◆ **TRY IT**:
Return every record verbatim, omitting all pictures.

(Dataset excerpts)
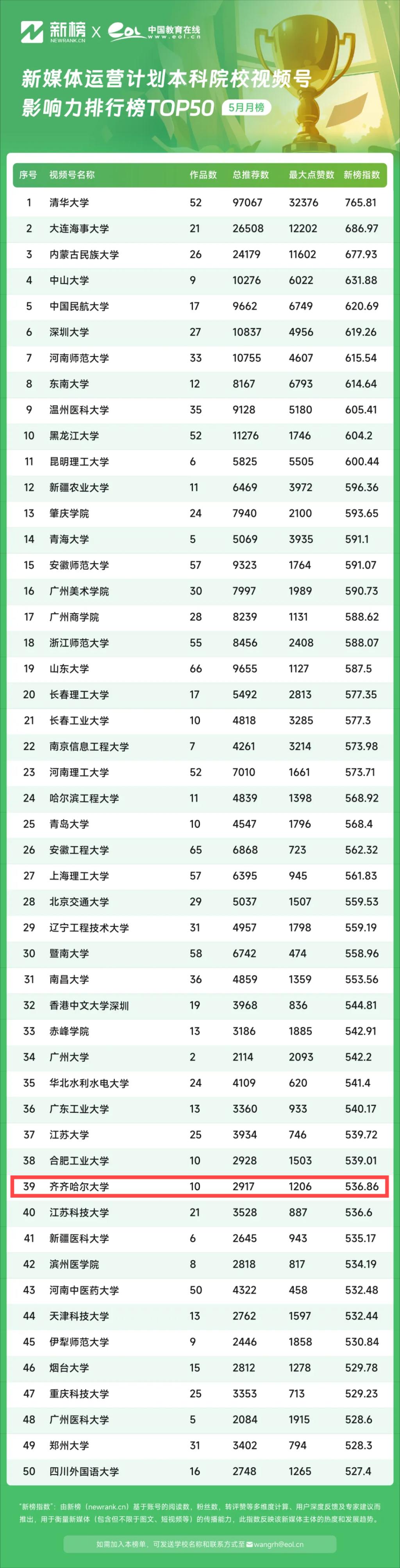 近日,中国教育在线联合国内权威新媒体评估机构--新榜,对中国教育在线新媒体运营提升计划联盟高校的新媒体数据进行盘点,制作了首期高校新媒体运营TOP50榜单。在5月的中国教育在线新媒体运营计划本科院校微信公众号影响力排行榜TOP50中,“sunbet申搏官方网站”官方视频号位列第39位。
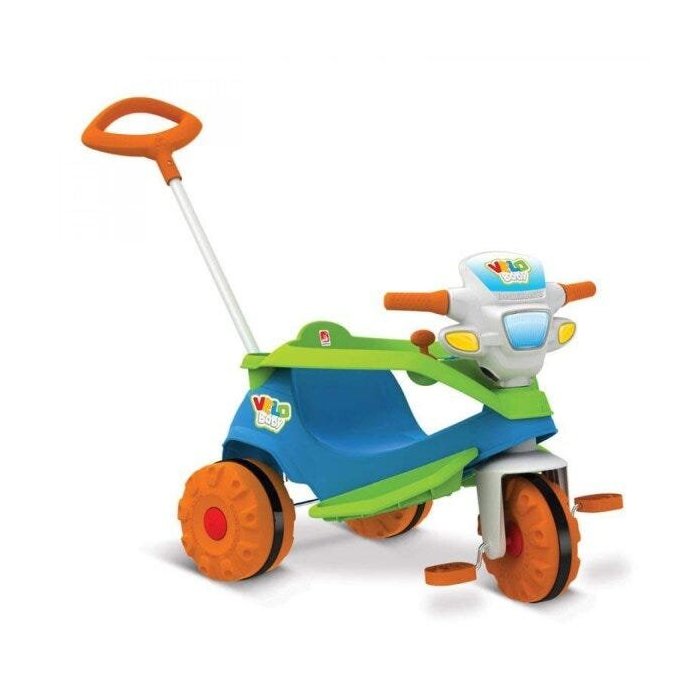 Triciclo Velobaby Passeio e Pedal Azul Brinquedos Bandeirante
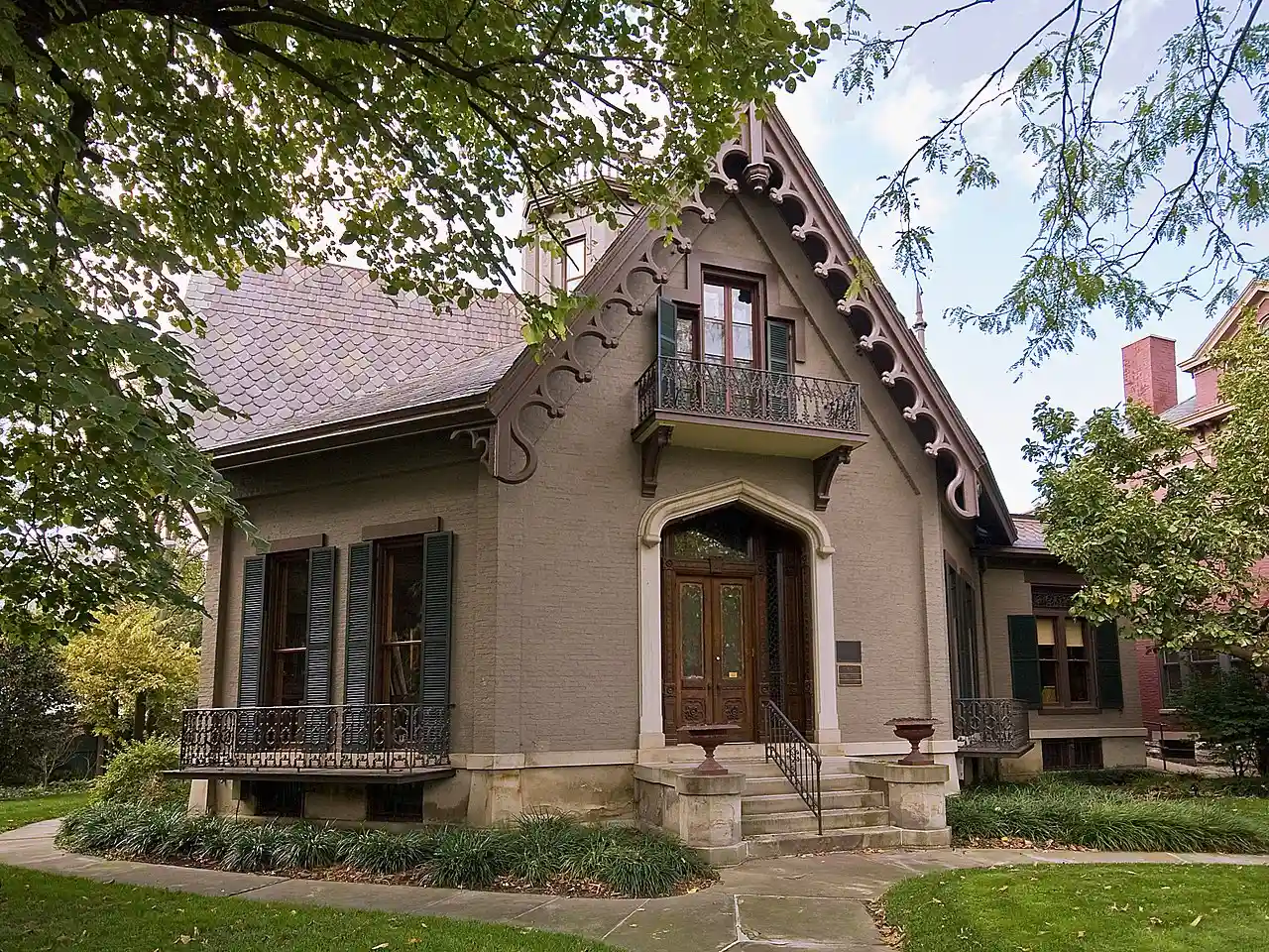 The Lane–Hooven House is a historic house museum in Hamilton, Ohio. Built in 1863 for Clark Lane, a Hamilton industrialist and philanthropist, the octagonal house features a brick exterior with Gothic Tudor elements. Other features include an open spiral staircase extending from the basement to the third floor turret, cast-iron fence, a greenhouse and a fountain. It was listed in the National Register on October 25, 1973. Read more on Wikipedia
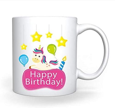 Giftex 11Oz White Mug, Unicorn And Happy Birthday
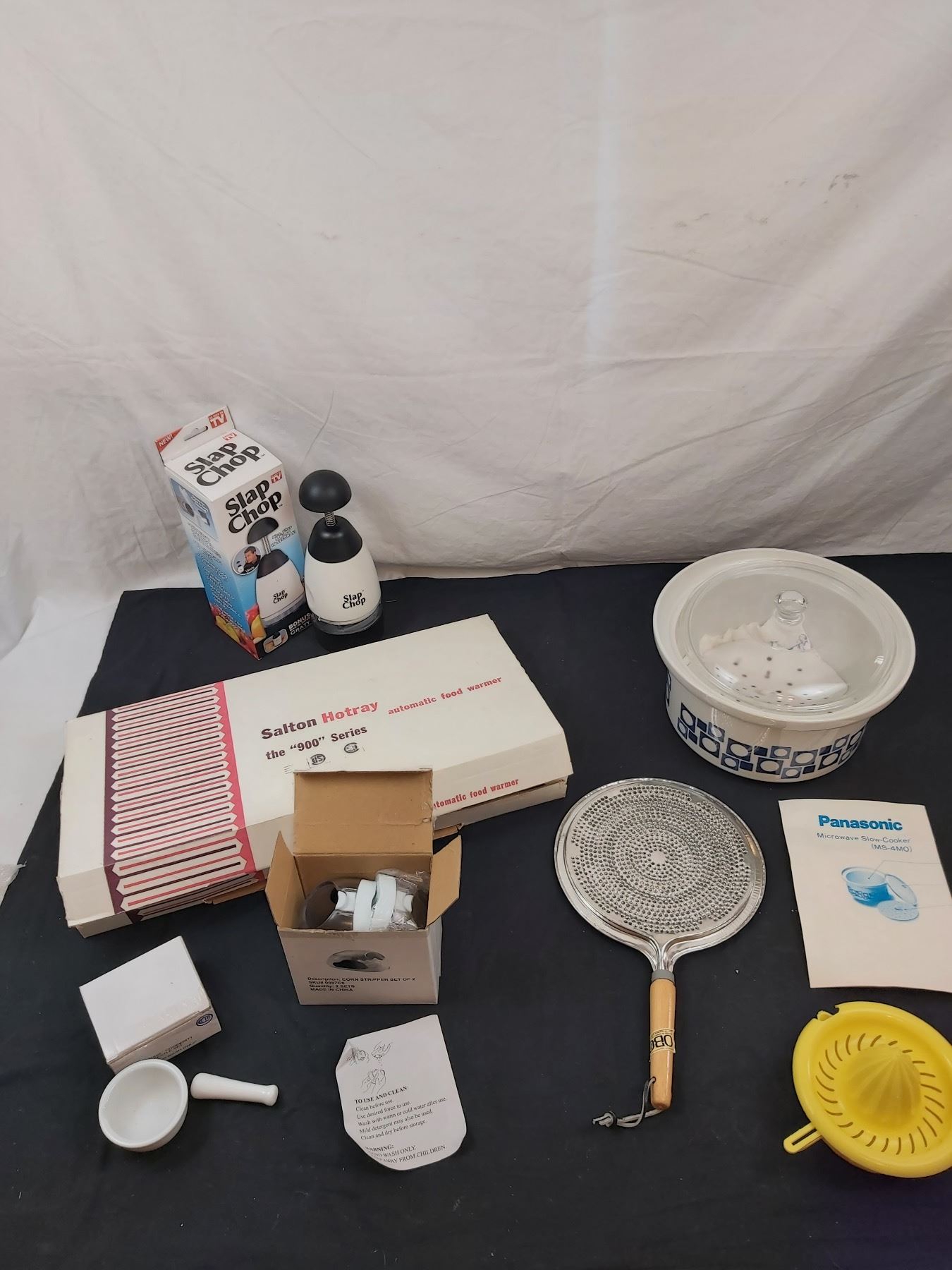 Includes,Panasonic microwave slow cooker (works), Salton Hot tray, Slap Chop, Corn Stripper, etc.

◆ **OUTPUT**:
 近日,中国教育在线联合国内权威新媒体评估机构--新榜,对中国教育在线新媒体运营提升计划联盟高校的新媒体数据进行盘点,制作了首期高校新媒体运营TOP50榜单。在5月的中国教育在线新媒体运营计划本科院校微信公众号影响力排行榜TOP50中,“sunbet申搏官方网站”官方视频号位列第39位。
 Triciclo Velobaby Passeio e Pedal Azul Brinquedos Bandeirante
 The Lane–Hooven House is a historic house museum in Hamilton, Ohio. Built in 1863 for Clark Lane, a Hamilton industrialist and philanthropist, the octagonal house features a brick exterior with Gothic Tudor elements. Other features include an open spiral staircase extending from the basement to the third floor turret, cast-iron fence, a greenhouse and a fountain. It was listed in the National Register on October 25, 1973. Read more on Wikipedia
 Giftex 11Oz White Mug, Unicorn And Happy Birthday
 Includes,Panasonic microwave slow cooker (works), Salton Hot tray, Slap Chop, Corn Stripper, etc.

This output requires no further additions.